The strongest biological evidence yet linking Zika virus infection and Guillain-Barré syndrome is being reported by researchers at Johns Hopkins Medicine.
The collaboration with scientists at six Colombian hospitals, supports the correlation with immunologic and viral evidence of Zika infection in a significant amount of people with Guillain-Barré, the investigators say.
Epidemiology data have long suggested a close relationship between rising Zika virus infection rates and instances of Guillain-Barré. Guillain-Barré is a highly rare and potentially paralyzing disorder of the nervous system. It appears days to weeks after infection with viruses or bacteria.

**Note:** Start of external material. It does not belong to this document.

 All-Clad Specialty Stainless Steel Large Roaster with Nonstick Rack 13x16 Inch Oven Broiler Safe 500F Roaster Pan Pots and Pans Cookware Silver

A so-called post-infectious immune condition, it occurs when a person’s own immune system attacks the myelin sheaths that protect the body’s nerve cells, often resulting in muscle weakness, pain, sensory deficiencies and, in very acute cases, paralysis. The condition, which affects an estimated one or two out of 100,000 people after infections, is diagnosed with electrodiagnostic neurological tests that measure the conductive speed and activity of nerve signals.

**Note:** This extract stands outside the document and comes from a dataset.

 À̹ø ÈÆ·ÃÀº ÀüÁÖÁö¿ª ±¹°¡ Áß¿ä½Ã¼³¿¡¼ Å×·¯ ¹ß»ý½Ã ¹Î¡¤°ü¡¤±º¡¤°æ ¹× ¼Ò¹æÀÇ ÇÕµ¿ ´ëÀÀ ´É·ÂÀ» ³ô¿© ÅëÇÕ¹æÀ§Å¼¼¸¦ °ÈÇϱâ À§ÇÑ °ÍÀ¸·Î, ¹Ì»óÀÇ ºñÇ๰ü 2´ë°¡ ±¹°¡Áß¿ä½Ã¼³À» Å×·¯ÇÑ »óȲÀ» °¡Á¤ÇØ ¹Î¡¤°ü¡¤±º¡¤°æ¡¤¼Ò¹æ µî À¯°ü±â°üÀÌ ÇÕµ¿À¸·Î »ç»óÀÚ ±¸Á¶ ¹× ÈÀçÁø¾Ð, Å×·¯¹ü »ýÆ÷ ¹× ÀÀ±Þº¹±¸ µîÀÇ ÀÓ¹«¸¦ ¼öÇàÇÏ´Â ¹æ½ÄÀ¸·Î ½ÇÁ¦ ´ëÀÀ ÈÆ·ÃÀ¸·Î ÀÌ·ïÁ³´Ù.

In a related story, five cases of Guillain-Barre syndrome associated with Zika virus infection have been confirmed in Mexico, the country’s Secretary of Health reported.
Neurological Complications
Scientists do not know why Guillain-Barré strikes some people and not others.
“At the beginning of the Zika outbreak in South America, my colleagues in Colombia contacted me with concern about the increasing number of patients with neurological complications in their hospitals,"
said Carlos A. Pardo, M.D., associate professor of neurology and pathology at the Johns Hopkins University School of Medicine, who earned his medical degree in Colombia and is an expert in neuroimmune and infectious diseases, including Guillain-Barré.
In this latest study, Pardo’s research team designed strategies with colleagues in Colombia to evaluate patients with suspected neurological problems associated with Zika and provided tools for viral tests of blood, cerebrospinal fluid and urine samples from 68 people with symptoms of Guillain-Barré. Of the 68 patients initially evaluated in Colombia, virus and immunology studies were conducted using the body fluids from 42.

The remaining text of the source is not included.